Nella seconda foto, la strada è spazzata e pulita, i rami sono stati portati via, la segnaletica è tornata lucida, evidentemente rispruzzata, e il guardrail è nuovo di zecca. La strada è perfetta. Chi l’ha rifatta non l’ha fatto di malavoglia, in fretta e furia, per liberarsi di un compito sgradito, ma l’ha fatto con attenzione, con scrupolo. Non ha rifatto com’era prima, ma meglio di prima. Poche persone bene intenzionate? No, migliaia di persone, e il governatore lo riconosce: «Da due settimane migliaia di volontari, tecnici, operai, professionisti, ma anche studenti e comuni cittadini, son venuti qui a lavorare gratis per restituire al territorio la dignità che aveva prima». Il governatore aggiunge: «Li ringrazio tutti, a nome di tutti». A me sembra la perfetta applicazione del proverbio che dice: 'Aiùtati, che il ciel t’aiuta'.

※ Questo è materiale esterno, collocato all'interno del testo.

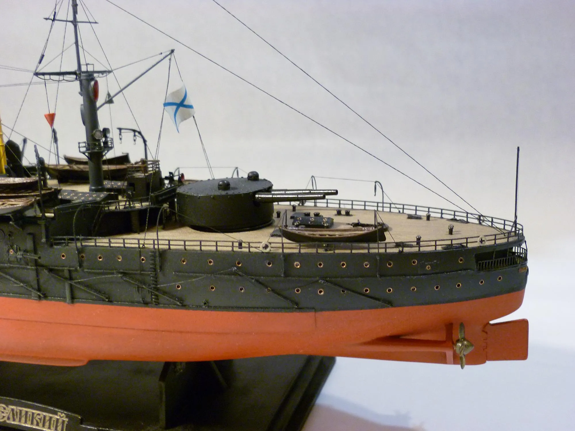 Модель создавалась на период осени 1904 г. в момент отплытия 2 Тихоокеанской эскадры к театру военных действий на дальний восток. Выполнена модель из коробки с авторскими доработками по чертежам г.А.Логинова и фотографиям оригинала.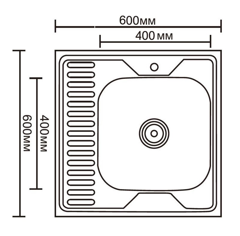 Мойка для кухни Ledeme 60x60 L76060-R, накладная, правая. Все характеристики |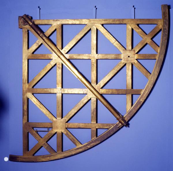 Il quadrante ha la struttura tipica degli strumenti di John Bird (1709-1776); è completamente in ottone e l'armatura è solida e ben lavorata.\nIl telescopio vero e proprio è imperniato nel vertice del quadrante (costituito da un settore circolare di poco più di 90 gradi) e poteva ruotare liberamente attorno ad esso consentendo il puntamento di un astro a qualunque altezza sull'orizzonte. Lo strumento, per poter essere utilizzato correttamente, doveva essere posizionato esattamente lungo il meridiano locale (ossia in direzione Nord-Sud) con il piano perfettamente verticale.\nMancano oggi numerose parti dello strumento; sono rimasti infatti solo l'armatura, il lembo, il tubo del telescopio e il nonio. Sul lembo ci sono due serie di divisioni. Nella parte più interna si trova la divisione in gradi con intervalli minimi di 5 primi d'arco. La scala esterna è divisa invece in 96 parti ciascuna suddivisa in 16 intervalli. All'estremità libera del telescopio si trovano la lastra con i due nonii e la ganascia di bloccaggio con la vite micrometrica per gli spostamenti fini. Il nonio interno permetteva una precisione nella lettura di 30 secondi d'arco, quello esterno di 13 secondi d'arco. La lettura del singolo secondo d'arco si otteneva utilizzando il micrometro a vite.\nL'obbiettivo del telescopio era un doppietto acromatico di 9 cm. circa di diametro per 244 cm. circa di lunghezza focale. Attualmente, però, tutte le ottiche sono mancanti.

Cioè: non aspettare che il lavoro lo faccia lo Stato. Lo Stato sei tu. Se esci di casa con la motosega, per tagliare i pini messi di traverso, il tuo vicino farà altrettanto, e così gli altri vicini. C’è una stradina in ghiaia, dove sorgeva una casetta isolata, la stradina è stata sbarrata da decine di abeti crollati, marito e moglie han lavorato da soli a segare quegli alberi per facilitarne l’asporto. Il proverbio 'aiùtati che il Ciel t’aiuta' io lo so in un’altra versione, raccontatami da Umberto Eco quand’eravamo insieme nella giuria del Premio Viareggio. Buon giurato, Eco, onesto e scrupoloso. Votava secondo il proprio giudizio critico, non secondo le amicizie e le pressioni. Negli intervalli del lavoro cantava 'Celeste Aida' con voce potente, o raccontava barzellette, come quella che adesso rievoco, perché fa al caso nostro.
Ascoltatela. Chi la sa già, la riascolti, gli fa bene. Roma va sott’acqua, le case vengono sommerse, la gente annega, e rischia di annegare anche Romoletto, buon uomo, di professione campanaro, in ottimi rapporti col Padreterno. Ogni volta che ha un problema, lui prega il suo Capo, e da lui aspetta l’aiuto e la salvezza. Adesso che l’acqua sommerge la sua abitazione, fa come al solito: sale sul tetto e invoca aiuto. Passa sotto di lui un barcone dei Vigili del Fuoco, che lo chiamano: 'A’ Romole’, bùttati, che ti raccogliamo noi e ti portiamo in salvo'. 'Andate – fa Romoletto –, io aspetto ben altro aiuto, e so che l’avrò'. I vigili spariscono. Arriva un barcone della Finanza: 'A’ Romole’, noi siamo gli ultimi, controlliamo che non vengano gli sciacalli, vieni via con noi'. 'Andate pure – fa Romoletto –, io avrò un aiuto più grande del vostro'. I finanzieri spariscono. Arrivano i carabinieri: 'A’ Romole’, noi controlliamo che non resti nessuno dopo di noi, vieni via'. 'Io aspetto ben altro – fa Romoletto –, voi andate pure'. I carabinieri spariscono.
L’acqua sale e Romoletto muore. Va in Paradiso e protesta col guardiano: 'Il Capo m’aveva promesso aiuto, ma poi s’è dimenticato di me'. 'Strano – fa il guardiano –, quando il Capo promette, poi mantiene. Come vi chiamate?', 'Romoletto'. Il guardiano apre un librone, controlla, e solleva gli occhi arrabbiato: 'Come fate a dire che s’è dimenticato di voi? Tre barconi vi ha mandato'. Quando sono arrivati i volontari, il Veneto li ha accolti tutti e tutti li ha utilizzati e ora li ringrazia. Erano la Provvidenza.